A world-renowned figure in optical and kinetic art, the Argentine artist passed away in Paris at the age of 97
Argentine Julio Le Parc, a world-renowned figure in optical and kinetic art, died this Saturday at the age of 97 in Paris, the city where he lived. A pioneer of artistic experimentation with light, color, and movement, Le Parc became one of the best-known and most influential Argentine artists. Although his health deteriorated rapidly in the last month, his son Yamil revealed that he was very excited about the retrospective exhibition of his work that will open at the Tate Gallery in London on June 11.

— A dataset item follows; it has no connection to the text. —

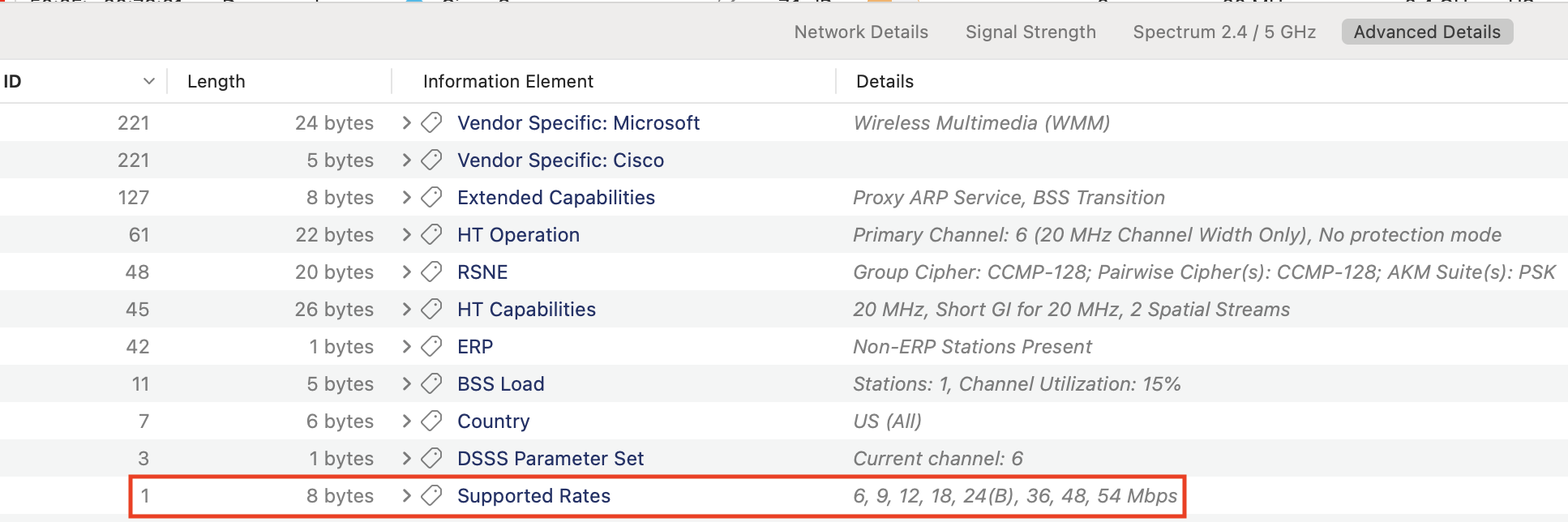 Kan je in de "geavanceerde" details van inSSIDer zien wat de data rates zijn? Zit in de SSID gecodeerd dus normaal wel zichtbaar.

“With deep sorrow, we bid farewell to Julio Le Parc,” wrote Argentina’s Secretary of Culture, Leonardo Cifelli, on social media. His work “transformed contemporary art,” added Cifelli, who described Le Parc as “a symbol of Argentine creativity projected onto the world stage.”

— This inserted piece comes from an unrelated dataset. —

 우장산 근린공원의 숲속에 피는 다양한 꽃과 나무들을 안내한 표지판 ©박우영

Le Parc was born in 1928 in Palmira, in the province of Mendoza, into a humble family. The son of a seamstress and a railway worker, his life changed when he went to study in Buenos Aires and discovered an unknown world that he never left. He began to alternate various jobs with his studies at the School of Fine Arts, and during this formative period, he was taught by Lucio Fontana, the founder of Spatialism.
Thanks to a scholarship, he traveled to Paris in 1958, where he settled. He was still a newcomer when he participated in the founding of G.R.A.V. (Groupe de Recherche d’Art Visuel), an artistic collective in which colleagues such as the Spanish sculptor Francisco Sobrino and the Argentine painter Hugo Demarco also collaborated. These were the first steps in an experimentation with light, color, and movement as creative materials that marked his entire artistic career. Along with Venezuelans Carlos Cruz-Diez and Jesús Rafael Soto, Le Parc is considered one of the great masters of Latin American Op Art and Kinetic Art.